Reserve Bank of India is to frame certain rules that will make the compensation norms of Bank CEOs tighter. The measures being planned will ensure that the senior executives of the banks do not try to dodge regulators and also bring down the volume of non-performing assets.
While the RBI has always had the right to clear the remunerations of bank CEOs and also ‘claw back’ a part of it in case of lapses, a formal and specific framework will provide the board with clear guidelines for approval of CEOs’ remuneration packages.
Henceforth, with the compensation package policy in place, the scope for interpretation will be reduced with regard to remuneration. The bank CEOs will also end up paying a significant sum in the form of claw back of stock options and bonuses in case they fail to comply with the regulatory norms. The provision of ‘claw back’ allows the banks to take back money which has already been paid to the CEOs.
From now on, the remuneration of banks CEOs will be linked to the balance sheet size of a bank, loan delinquency, profits, governance record and other such parameters. The boards of directors of banks will now have to follow a template when it comes to lending approval to matters such as salary increments, performance bonus and stock options to CEOs.

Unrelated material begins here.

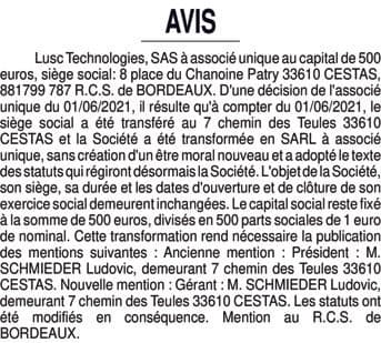 La présentation de votre annonce peut varier selon la composition graphique du journal

The framework will ensure that CEOs of banks are prevented from indulging in any kind of fraud to show more profitability, or fail to comply with the regulatory norms put forward by RBI, Sebi or IRDAI. The CEOs will not be allowed to quit their posts with attractive bonuses and stock options. The ‘claw back’ provision will allow the banks to take back the benefits, if they are found to have performed below expectations.